Somewhat related to flexion is strength. As noted above, floatation requires that snow is compacted under the deck and the deck should therefore be capable of withstanding the pressure associated with snow compaction across the full area of the deck. Similarly, on ice or other surfaces that don't give, substantial forces may be exerted on peripheral portions of the deck, resulting in large moments exerted on the deck materials. It is important that the composite deck materials are generally sufficiently strong to withstand such use without failure. In this regard, the deck should hold its shape without twisting or collapsing during normal use.


Stability relates to promoting a sense of sure-footedness for the user. As noted above, some flexion can avoid unsteadiness or twisted ankles. However, too much flexion may result in a feeling of unsteadiness, i.e., a feeling that the user's foot is not securely planted on the ground.

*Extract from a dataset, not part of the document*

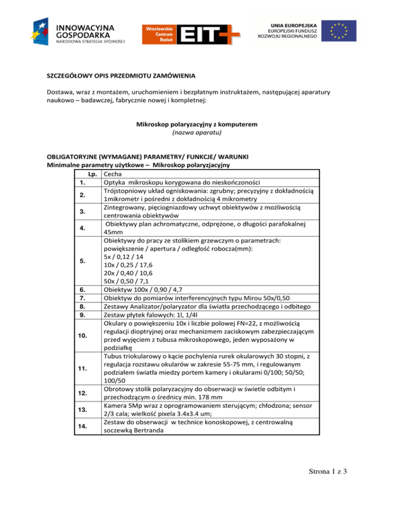 SZCZEGÓŁOWY OPIS PRZEDMIOTU ZAMÓWIENIA Dostawa, wraz z montażem, uruchomieniem i bezpłatnym instruktażem, następującej aparatury naukowo – badawczej, fabrycznie nowej i kompletnej: Mikroskop polaryzacyjny z komputerem (nazwa aparatu) OBLIGATORYJNE (WYMAGANE) PARAMETRY/ FUNKCJE/ WARUNKI Minimalne parametry użytkowe – Mikroskop polaryzjacyjny Lp. Cecha 1. Optyka mikroskopu korygowana do nieskończoności Trójstopniowy układ ogniskowania: zgrubny; precyzyjny z dokładnością 2. 1mikrometr i pośredni z dokładnością 4 mikrometry Zintegrowany, pięciogniazdowy uchwyt obiektywów z możliwością 3. centrowania obiektywów Obiektywy plan achromatyczne, odprężone, o długości parafokalnej 4. 45mm Obiektywy do pracy ze stolikiem grzewczym o parametrach: powiększenie / apertura / odległość robocza(mm): 5x / 0,12 / 14 5. 10x / 0,25 / 17,6 20x / 0,40 / 10,6 50x / 0,50 / 7,1 6. Obiektyw 100x / 0,90 / 4,7 7. Obiektyw do pomiarów interferencyjnych typu Mirou 50x/0,50 8. Zestawy Analizator/polaryzator dla światła przechodzącego i odbitego 9. Zestaw płytek falowych: 1l, 1/4l Okulary o powiększeniu 10x i liczbie polowej FN=22, z możliwością regulacji dioptryjnej oraz mechanizmem zaciskowym zabezpieczającym 10. przed wyjęciem z tubusa mikroskopowego, jeden wyposażony w podziałkę Tubus triokularowy o kącie pochylenia rurek okularowych 30 stopni, z regulacja rozstawu okularów w zakresie 55-75 mm, i regulowanym 11. podziałem światła miedzy portem kamery i okularami 0/100; 50/50; 100/50 Obrotowy stolik polaryzacyjny do obserwacji w świetle odbitym i 12. przechodzącym o średnicy min. 178 mm Kamera 5Mp wraz z oprogramowaniem sterującym; chłodzona; sensor 13. 2/3 cala; wielkość pixela 3.4x3.4 um; Zestaw do obserwacji w technice konoskopowej, z centrowalną 14. soczewką Bertranda Strona 1 z 3 Miniamalne parametry użytkowe – komputer z monitorem Opis parametru / cechy Minimalne parametry wymagane Procesor Dwurdzeniowy procesor lub lepszy z minimum 3 MB pamięci podręcznej z taktowaniem zegara co najmniej 2.59 GHz, lub równoważny w zakresie wydajności, wsparcie dla instrukcji 64bit oraz sprzętowe wsparcie dla AES i VT, sprzętowe wsparcie dla zdalnego zarządzania Pamięć Minimum 8GB (2x4GB) 1600MHz DDR3, obsługa do 16GB DDR3 Karta graficzna Profesjonalna karta graficzna z 1GB GDDR5 własnej pamięci operacyjnej, wsparcie dla grafiki HD na dwóch monitorach, zgodność z DirectX 11. Dopuszczalne jest zastosowanie równoważnej karty graficznej z zakresie wydajności. Karta muzyczna Zintegrowana HD Klawiatura W układzie US QWERTY, wbudowany Touchpad Dysk twardy 500GB SATA 7.2k RPm DVD+/-RW (dopuszczalny napęd zewnętrzny na USB) Napęd optyczny Interfejsy sieciowe Zarządzanie i bezpieczeństwo Bateria Wbudowana karta WiFi 2.4/5 GHz (802.11 a/b/g/n) 2x2 "up to 300Mb" lub lepsza (dopuszczalna jest karta równoważna w zakresie ilości anten, przepustowości, wsparcia dla szyfrowania AES, 802.11i, a także wspierająca sprzętowo zaproponowaną technologie zarządzania over ip) Karta sieciowa Gigabit Ethernet 10/100/1000, wsparcie dla Wake on LAN oraz PXE Możliwość montażu wewnętrznej karty WWAN 3G/HSDPA Wbudowana karta Bluetooth 4.0 Wbudowany układ TPM. Sprzętowe wsparcie zdalnego zarządzania (zgodne z Intel vPro). Dopuszczalne jest zastosowanie równoważnej technologii zdalnego zarządzania w zakresie KVM over IP oraz przekazywania mediów. 6-cio ogniwowa minimalnie 57Wh bateria litowo-jonowa (jeżeli konstrukcja notebooka nie pozwala na zastosowanie baterii o wskazanej pojemności dopuszczalne jest zastosowanie dwóch baterii z możliwością jednoczesnej pracy) Czytnik Kart pamięci SD, lini papilarnych, czytnik kart procesorowych (dopuszczalny zewnętrzny czytnik) Zasilacz Zasilacz sieciowy dedykowany dla zastosowanej baterii/procesora/karty graficznej Maksymalna przekątna 14.1", rozdzielczość minimalna 1600x900, technologia LED, powłoka antyodblaskowa, wbudowana kamera HD Wyświetlacz System operacyjny Microsoft Windows 7 Ultimate 64Bit (wymagana możliwość downgrade do Microsoft Windows XP). (Dopuszczalne jest zastosowanie innego systemu operacyjnego jeżeli producent specjalistycznego oprogramowania jakie zostanie zainstalowane na stacji roboczej nie wspiera wyżej wymienionych systemów. W przypadku zastosowania systemu Red Hat lub SLES/SLED wymagane wsparcie producenta w czasie trwania gwarancji.) Interfejsy Złącze stacji dokującej, RJ45, 2xUSB 3.0, VGA/DP (dopuszczalny adapter VGA) Strona 2 z 3 Stacja dokująca Dedykowany replikator portów z zasilaczem minimalnie 65W, wymagane porty: DVI-D lub DP (wymagany adapter DP do DVID), RJ45, 4xUSB, możliwość zabezpieczenia stacji linką typu Kensington Monitor do zestawu Monitor o minimalnej przekątnej 24", rozdzielczość minimalna 1920x1080. Statyczny współczynnik kontrastu 1000:1, Czas reakcji maksymalnie 10 ms (szary do szarego). Jasność minimalnie 290 cd/m2. Matryca TFT E-IPS lub IPS, z podświetleniem LED, matowa w układzie 16:9 lub 16:10. Podstawa z regulacją wysokości oraz funkcja obrotu ekranu o 90 stopni. Certyfikaty: TCO 5.2 Wymagane złącza DVI-D lub DisplayPort. W zestawie kabel/adapter DisplayPort-DVI-D oraz przewód kabel zasilający. Trzyletnia gwarancja producenta monitora, czas naprawy do końca następnego dnia roboczego. Głośniki Jeżeli konstrukcja monitora na to pozwala, wymagany jest panel głośników doczepiany pod monitorem. Alternatywnie dopuszczalne jest zastosowanie zewnętrznych głośników stereo na USB. Zewnętrzna klawiatura Standardowa klawiatura USB w układzie QWERTY z wbudowanym czytnikiem kartprocesorowych Laserowa, USB, z przewijaczem oraz z możliwością dostosowania czułości myszy, w zestawie podkładka pod mysz Mysz kablowa Gwarancja Trzyletnia gwarancja producenta, czas naprawy do końca następnego dnia roboczego w miejscu użytkowania komputera. Listwa zasilającofiltrująca Listwa zasilająco-filtrująca typu ACAR z mini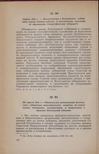 Апрель 1918 г. — Постановление I Вологодского губернского съезда Советов рабочих и крестьянских депутатов об образовании Северо-Двинской губернии // ВОГА, ф. 3с, oп. 1, д. 49, л. 30 об. Копия.

Finally, toughness is necessary to avoid damage, as much as is practical, to snowshoes used on rocks, branches, and other obstructions. In particular, it is important that the bottom surface of the deck is tough enough to withstand challenging environments.


The discussion below describes, primarily in relation to particular foams and densities, construction details that accommodate these various concerns. It will be appreciated, though, that alternate construction details may be utilized in accordance with the present invention.


Thus, in accordance with the present aspect of the invention, the deck includes at least first and second layers having different densities. One of both of the layers may be formed of a foam material e.g., a closed-cell foam such as EVA. For example, the deck may include a lower layer and an upper layer, where the lower layer has a higher density than the upper layer. For example, the lower layer may have a density of less than about 45 kg/m3 and a hardness of between about 50-90 Asker C durometer, and the upper layer may have a density greater than about 45 kg/m3 and a harness of between about 35-45 Asker C durometer. Optionally, the deck may be formed from more than two layers of materials. For example, an intermediate layer may be provided between the upper layer and the lower layer. The intermediate layer may have a density between the density of the upper layer and the density of the lower layer.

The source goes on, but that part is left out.